Phase 4: Governance Gate (Sprint-Level Compliance Review)

Phase 4 employs multiple governance gates operating at different cadences rather than a single end-of-phase gate. An automated model validation gate blocks any model that fails performance, fairness, or robustness thresholds. A manual security review gate applies for the first deployment. The integration test suite must pass before any promotion.

The recommended approach is embedding compliance activities in the sprint cadence itself. Each sprint should include updating the relevant AISDP modules for any design decisions made during the sprint, running the full test suite (including fairness and robustness gates) as part of the sprint’s definition of done, reviewing any new risks identified during development and adding them to the risk register, and updating the evidence pack with artefacts produced during the sprint. The sprint retrospective should include a compliance dimension: what evidence was generated, what gaps remain, and what risks were introduced.

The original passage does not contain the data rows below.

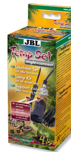
JBL TempSet angle+ connect Kit d'installation pour spot de terrarium
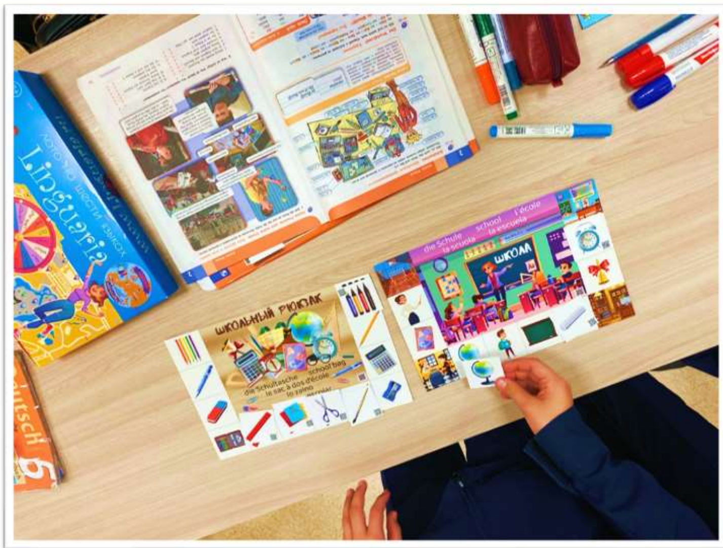
Дополнительное образование «Немецкий язык» „Schulsachen“, 5 класс
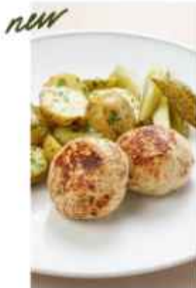
Котлеты из сцплёнка с беби-картофелем 540 | 300г
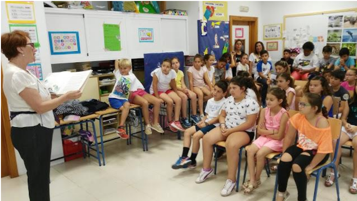
Una abuela nos presenta a Platero
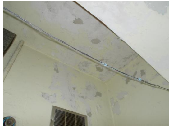
30. Soffitto della veranda
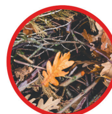
Feuilles et branchages
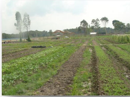
แปลงพืชผัก
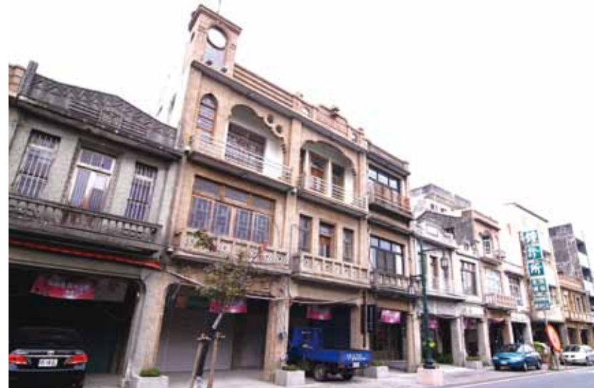
金玉成商會突出的鐘樓，是西螺老街重要的地標。
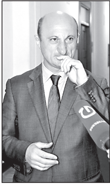
თი აგური რევოლუციის მოსურნეთათვის?

— დღეს ქვეყანაში შექმნილ ვითარებას როგორ აფასებთ? ზოგიერთი დღევანდელი სიტუაციის აფასებას, როგორც რევოლუციისთვის კლასიკურ მოცემულობას. — წინასარევილეიჯი მდგომარეობა არ არის. არც ყველაფერია ძალიან კარგად. ზოგიერთს სურს იმგვარი სურათის დახატვა, რომ ქვეყანაში არის აბოკალიფსური მდგომარეობა. მათ მიმართ სოლიდარული ვერ ვიქენები. — ერთი ნაპერწკალია საჭირო და ერთ დღეში ბარკადები აღიმართება. როგორც ასეთი აზრები ჩნდება, რაღაც წანამდლები არ არის? — დღეს ქვეყანაში დემოკრატიის უმაღლესი ხარისხია. იმ მოცემულობაში, როდესაც არ იდევნება თავისუფალი სიტყვა, ბეჭდვითი მედია და ელექტრონიული მედია (ეს ასეც უნდა იყოს), საზოგადოების გარკვეულ წრეებში არსებობს რევოლუციური განწყობები. ამ ქვეყანაში დავიბადე, გავიზარდე და გავიარე ყველა ის კატეგორია, რომლებიც ქვეყანაში ბოლო 25 წლის განმავლობაში გაიარა. ნამდვილად არ არის წინასარევილეიჯი მდგომარეობა. ჭიქაში ქარიშხლის ატეხვა ნამდვილად უადგილოა დღევანდელი მოცემულობისთვის. — რამდენად გამართლებულად მიგჩნიათ განცხადებები, რომ შეიძლება გააჩერონ საზოგადოებრივი ტელევიზიის ყველა პროგრამა და დაითხოვონ ყურნალისტები? ჩვენ გვახსოვს ტელევიზიის კიბებზე ჩამოსხმარა ყურნალისტები. ეს ხომ არ იქნება ერ-
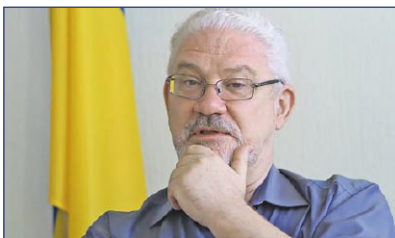
Віктор ШИШКІН перший Ген-прокурор України, екс-суддя Конституційного суду України

«На відміну від так званих демократичних кандидатів, лише націоналіст Кошулинський пропонує ключові принципи усунення олігархів від влади і встановлення реального народовладдя. Це — обрання суддів народом, відкликання депутатів, ветоування громадою рішень місцевої влади тощо. Адже без реального контролю народу над владними інституціями будь яка-деолігархізація залишиться лише пустою порожнім гаслом на білборді».
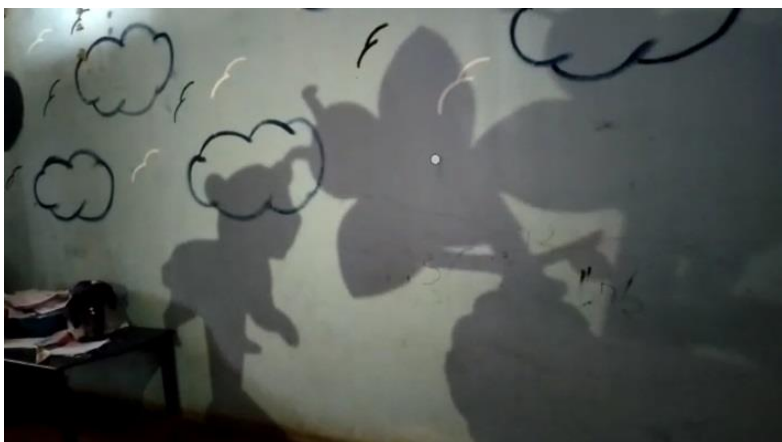
Narración de fábula el oso y las abejas a través de sombras
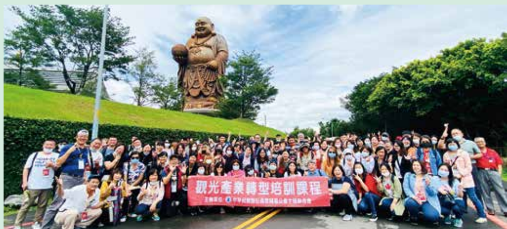
▲戶外課程來到十二寮休閒農業園區和峨眉湖步道。
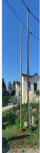
L'implantation des réseaux de concessionnaires, n'est reportée sur les plans qu'à titre purement indicatif et donc transmise sous toutes réserves.
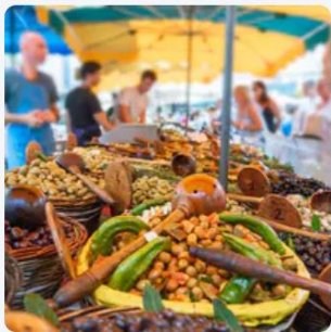
Marché Haute saison
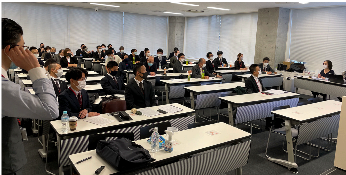
東京カレッジオブカイロプラクティックの24期生、25期生の卒業研究発表
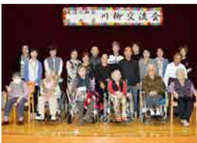
川柳を通じて交流した南楽荘入所者と城辺川柳会の皆さん

入所者からは、「良い結果がとれて良かった」、「また交流したい」といった声が聞かれ、城辺川柳会からは、「入所者の方の活力になれば幸いです」という感想が述べられました。
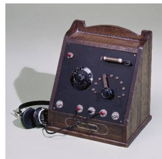
国産第1号鉱石ラジオ
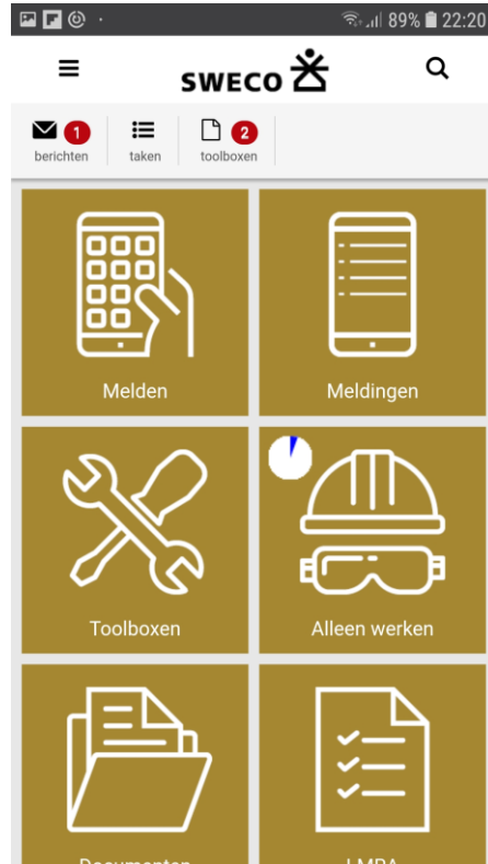
Alleen Werken staat aan (VeiligSweco app)
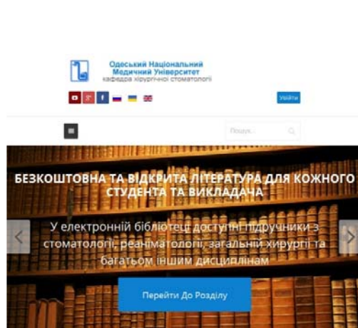
Рис. 2 Вид планшетной версии
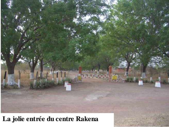
La jolie entrée du centre Rakena

Créé en 1964, le centre Rakena est actuellement un centre de référence dans la sous-préfecture de Danamadji sinon dans tout le département de la Grande Sido. Large de 2 km et long de 3 km, Rakena est cultivable que sur 100 hectares. 30 hectares sont cultivés cette année dont 10 hectares d'arachide, 10 de sorgho et 10 de maïs. Chaque couple (l'homme et sa femme) a droit à 2 hectares pour cultiver. 68 hectares sont mis en jachère. Le reste est réservé pour le reboisement qui a commencé depuis plusieurs années faisant de Rakena une véritable préservation de la flore et des faunes. D'ailleurs, l'un des objectifs assignés à ce centre est la protection de l'environnement. Le premier objectif est la formation spirituelle des couples catéchistes pour la consolidation de la parole de Dieu. Mais, en plus de cette vocation spirituelle, les couples qui y entrent bénéficient d'autres formations sur les techniques d'agriculture et d'élevage modernes, d'animation en milieu rural, de transformation des produits locaux. Ils reçoivent aussi quelques notions sur la santé pour lutter contre l'excision, le Sida.
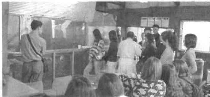
巧みの技見れたらいいのね
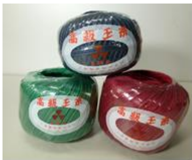
■製品写真：高級玉糸

百貨店によって赤、緑、茶色、水色と色分けし、人気の商品となりました。今では赤・青・緑3色になり、天然繊維でちょっと荒削りな独特の風合いや色などの素材感からクラフトなどにも使われています。
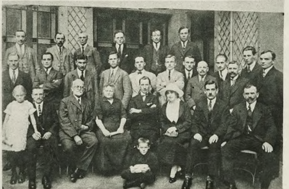
1) Z sensacyjnego procesu Bajot-Daudet. Komisarz policji Colombo oskarżony przez Daudeta o współudział w zamordowaniu jego syna, składa w sądzie zeznania. 2) Z życia wychodźstwa polskiego we Francji. Koło robotników polskich w Strassburgu.
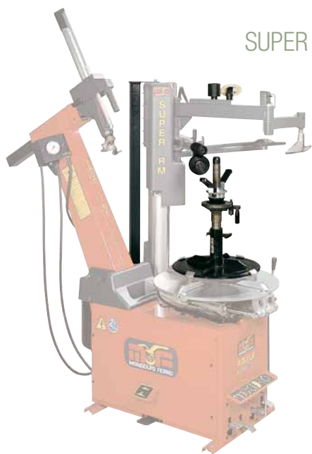
Kit Pax pour SUPER RM NEW (en option) Kit Pax für SUPER RM NEW (optional)
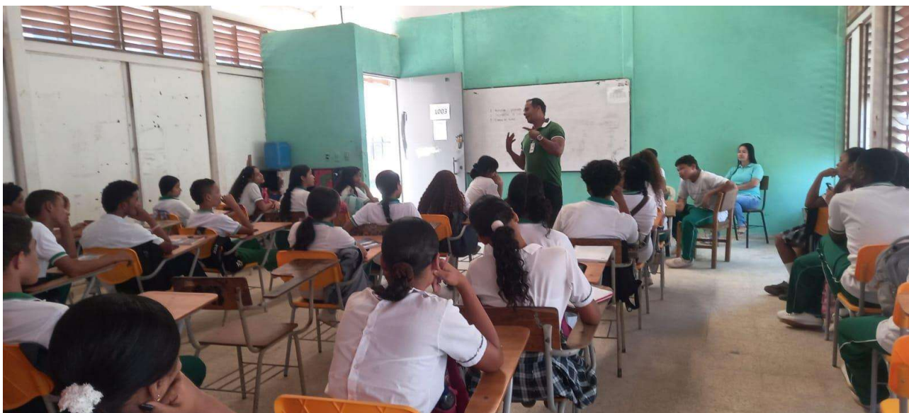
SOCIALIZACION DEL PROGRAMA DE FORMACION PROMOTORIA EN MANEJO AMBIENTAL EN LOS GRADOS 10-3 EN LA INSTITUCION EDUCATIVA BENITOS RAMOS TRESPALACIO AÑO 2024.

This approach ensures that the AISDP is assembled incrementally throughout development. Module 1 (System Identity) is completed during Phase 1. Module 6 (Risk Management) is drafted during Phase 2 and updated continuously. Module 3 (Architecture) is populated during Phase 3 and refined as the architecture evolves. Module 4 (Data Governance) grows as the data engineering work progresses. By the time Phase 5 arrives, the AISDP should be substantially complete, requiring only final review and consistency checking.

Feature flags that enable new model versions, data sources, or decision pathways are themselves system changes that the AI System Assessor assesses against the substantial modification thresholds. Feature flag configurations are version-controlled, and activation events are logged in the deployment ledger.

Key outputs

• Sprint-level compliance review records
• Incrementally assembled AISDP modules
• Feature flag configuration and activation logs

Phase 4: CI/CD Gates & Incremental AISDP Population

The CI/CD pipeline is the mechanism through which compliance evidence is produced as a byproduct of development. For AI systems, CI/CD extends beyond traditional software pipelines to operate on multiple artefact types (code, data, models, configurations) with multiple interconnected build processes.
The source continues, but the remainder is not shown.